De verwerving van dit bewijs heeft ook grimmige implicaties, omdat dergelijke ontdekkingen mogelijk worden gemaakt door klimaatverandering en het snel smeltende ijs dat deze oude artefacten nu prijsgeeft. Volgens het Centrum voor Internationaal Klimaatonderzoek (CICERO), 326 vierkante kilometer Noorse gletsjers zijn sinds het midden van de jaren tachtig verdwenen, waarbij het totale door gletsjers bedekte gebied de afgelopen 30 jaar met 11% is afgenomen.

Archeoloog Runar Hole met de 8e-eeuwse Digervarden-ski. Credit: Aud Gat, Geheimen van het ijs

Mark Aldenderfer, een erkend expert in archeologie op grote hoogte en emeritus hoogleraar aan de UC Merced, sprak met GlacierHub over de implicaties van klimaatverandering voor deze unieke locaties. "Ik denk dat het ijs in de nabije toekomst steeds sneller zal smelten, en dat de archeologie hiervan moet profiteren, " merkte hij op. Zijn argument voor onderzoek in plaats van vermijding is gebaseerd op de ongelukkige waarheid dat er beperkte instandhoudingsinspanningen bestaan ​​die effectief zouden zijn om te voorkomen dat deze kleine stukjes smelten. Hij voegde eraan toe dat "we alleen maar kunnen hopen dat regeringen en anderen zullen werken aan stabilisatie uitstoot van broeikasgassen in het belang van de hele planeet."

Pilø herhaalt deze houding, beweren dat "het onze taak is om te proberen de archeologische vondsten te redden die uit het smeltende ijs komen." In feite, het tijdsbestek voor het herstellen van deze artefacten is zeer beperkt. Hun organische samenstelling maakt ze kwetsbaar voor desintegratie en ontbinding, wat betekent dat als items niet snel worden gevonden nadat ze zijn bevrijd van het ijs, ze waarschijnlijk voor altijd verloren zullen gaan.

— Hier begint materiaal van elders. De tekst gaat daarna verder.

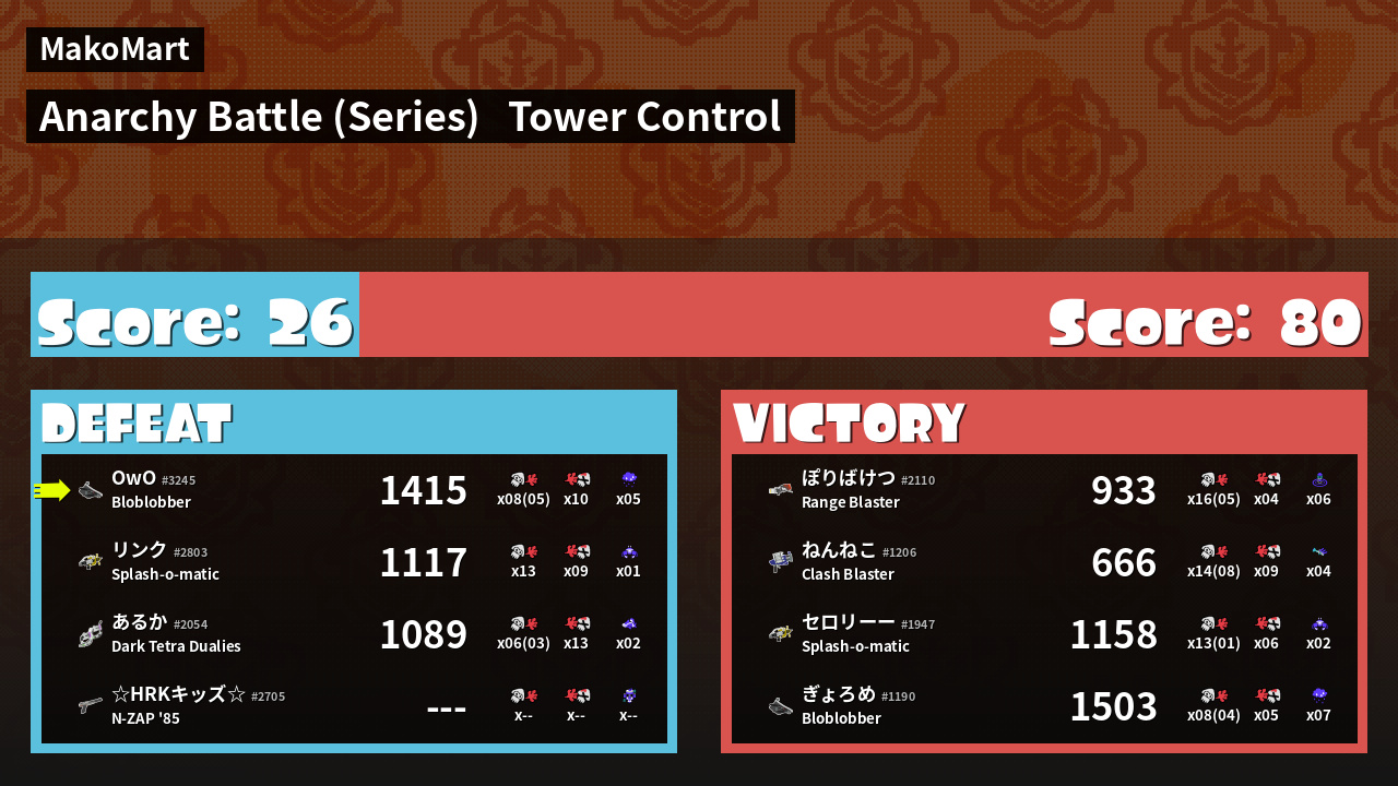 | Mode | Tower Control - Anarchy Battle (Series) | ||

Het werk is niet zonder emotionele tol, en hij benadrukt dat het een "diepe indruk" maakt om getuige te zijn van zo'n snel smelten van bergijs en gletsjers. "Het verzamelen van stukjes menselijke geschiedenis zoals ze verschijnen in een omgekeerde tijdsvolgorde van het terugtrekkende ijs is een taak die je niet kunt doen zonder een diep gevoel van onheil." Hij voegde eraan toe dat ze de ecologische voetafdruk van het programma laag houden, wat vaak betekent dat het gebruik van helikopters moet worden vermeden en zwaar materieel te voet naar grotere hoogte moet worden vervoerd (hoewel soms met behulp van lastpaarden).

Met in totaal 63 vestigingen vanaf 2021, en ongeveer 100 extra kandidaten, het programma Secrets of the Ice vertraagt ​​niet. Al deze locaties zijn oude jachtgebieden voor rendieren en kariboes en twee ervan zijn hoge bergpassen, een daarvan is Lendbreen. Het feit dat prehistorische gemeenschappen in deze gebieden leefden en erop jaagden, gecombineerd met aanhoudend ijs dat hun verloren artefacten heeft bewaard, geeft de vindplaatsen een aanzienlijk archeologisch potentieel.

Volgens het Norwegian Centre for Climate Services (NCCS) Climate in Norway 2100-rapport, grote gletsjers zullen tegen het einde van deze eeuw naar verwachting een derde van hun totale oppervlakte en volume verliezen. Verwacht wordt dat kleinere gletsjers volledig zullen verdwijnen, behalve op de allerhoogste hoogten. Pilø is grimmig onaangedaan. "Er is nog een hoop werk te doen."